We show on different example systems, including a simple conversion reaction and a model for methyltransferase-mediated DNA methylation, that SiCaSMA is equivalent to the standard CME description of the full system.

2. Materials and Methods

The CME is a set of linear differential equations that describe the evolution of probability distribution $P(\mathbf{X},t)$ over all possible system states $\mathbf{X}$ and time t:

$$\frac{dP(\mathbf{X},t)}{dt}=\sum _{j=1}^M\left[\mathbf{X}-{\nu }_j^{-}\ge 0\right]a_j(\mathbf{X}-{\nu }_j)P(\mathbf{X}-{\nu }_j,t)-\sum _{j=1}^M\left[\mathbf{X}+{\nu }_j^{+}\ge 0\right]a_j\left(\mathbf{X}\right)P(\mathbf{X},t)$$

(1)

Here, $j\in \{1,...,M\}$ is the reaction index and ${\nu }_j$ the state change vector of reaction j. Reaction propensities are denoted $a_j\left(\mathbf{X}\right)$. Conditions in square brackets ensure that the summation is over feasible reactions only, where ${\nu }_j={\nu }_j^{+}+{\nu }_j^{-}$ is decomposed into positive and negative parts. Equation (1) can be cast into the form

$$\dot{P}(\mathbf{X},t)=SP(\mathbf{X},t)$$

(2)

with system matrix S and solution

$$P(\mathbf{X},t)=e^{St}P(\mathbf{X},t=0).$$

(3)

Hence, solving the CME requires the calculation of the exponential of the product of the system matrix S and time t.

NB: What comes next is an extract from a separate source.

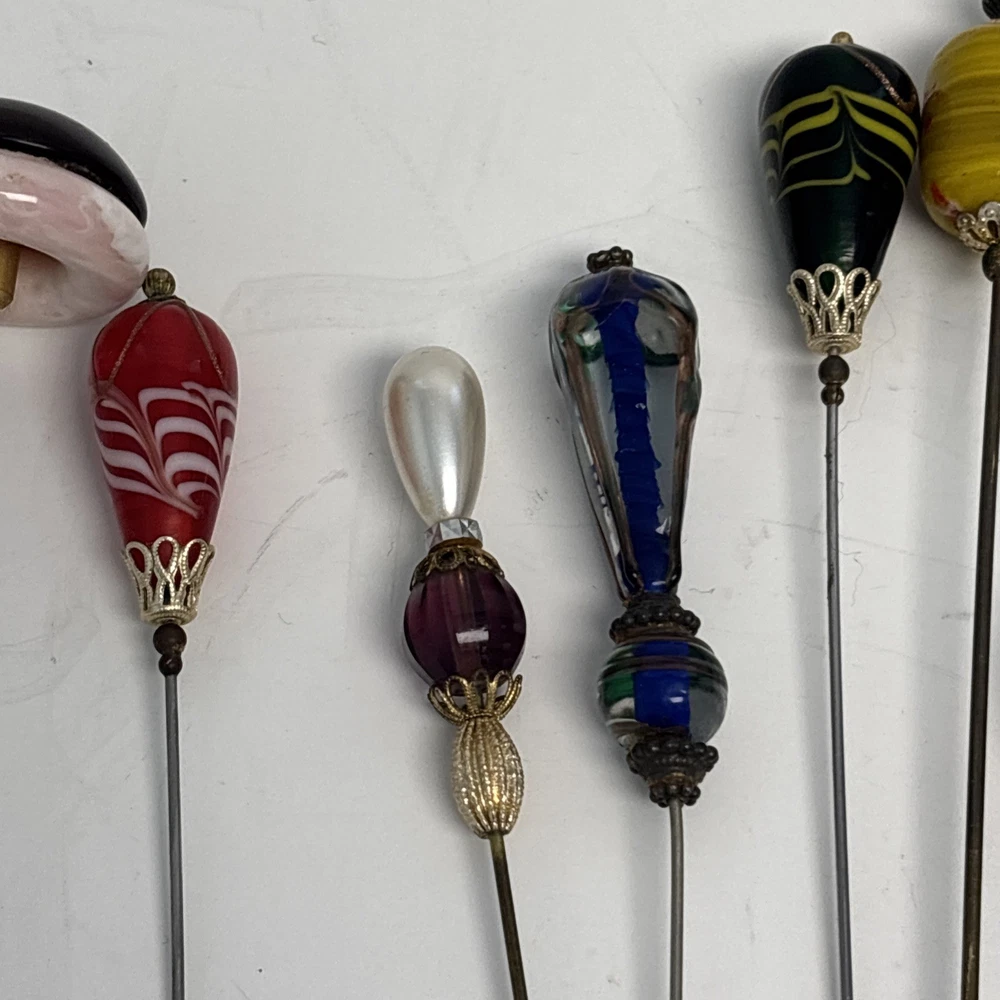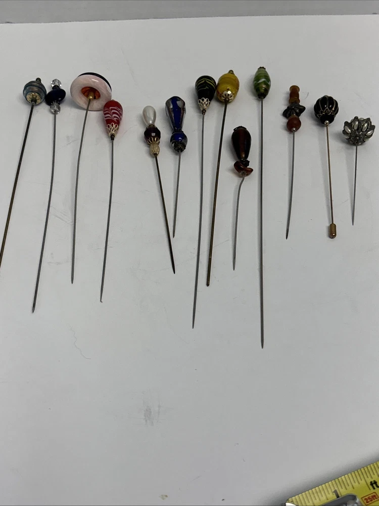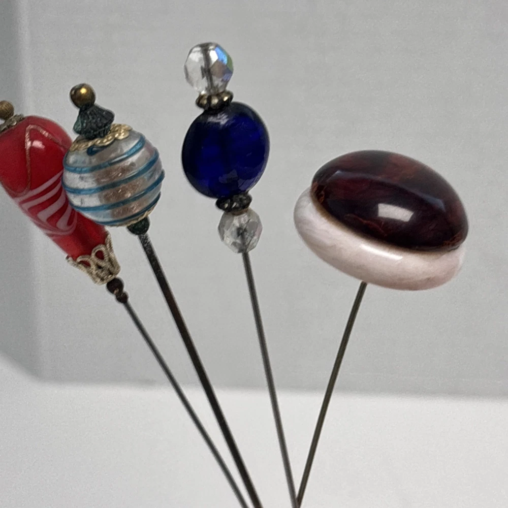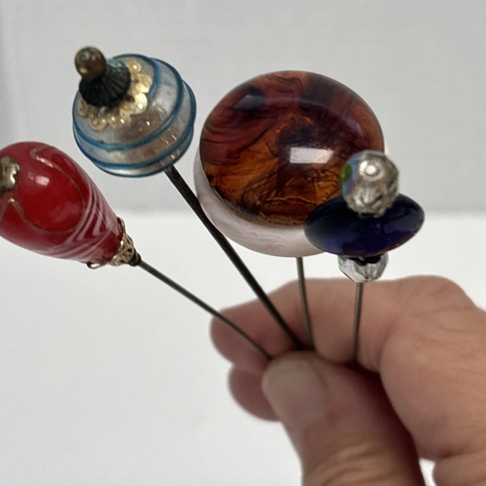 Antique Rhinestone & Celluloid Hat Stick Pins - Pair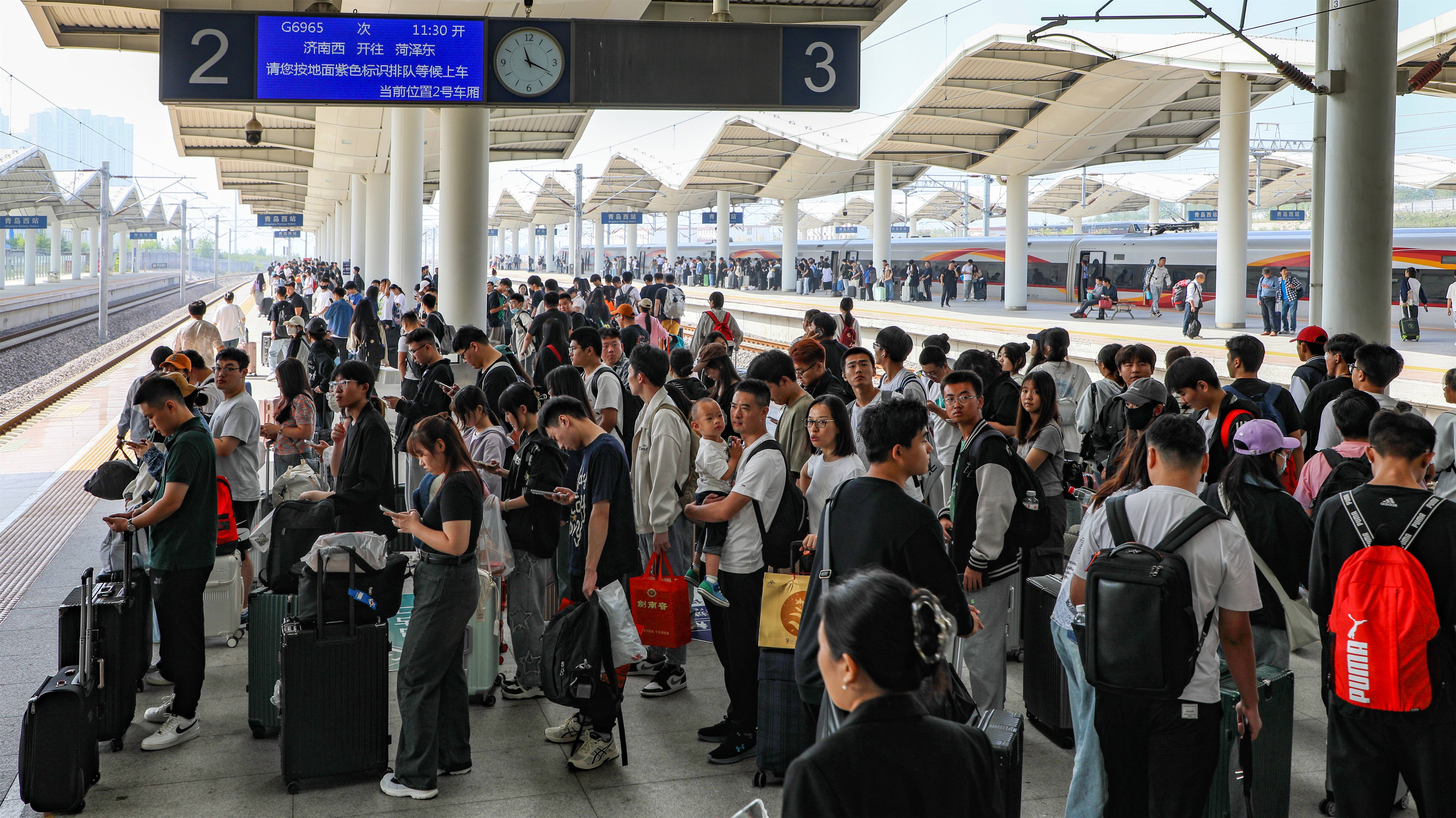 ◆青岛西站共计到发旅客23万人次,同比增长253.93%

The SSA simulates sample paths from the CME. For each reaction step, this includes the realization of two random variables, an exponentially distributed waiting time $\tilde{t}$ for the next reaction to happen, and a reaction index j to determine the type of reaction, as depicted in Algorithm 1.

Algorithm 1 SSA general scheme (${\mathbf{X}}_{init},t_f,\mathrm{kinetic}\mathrm{params}$)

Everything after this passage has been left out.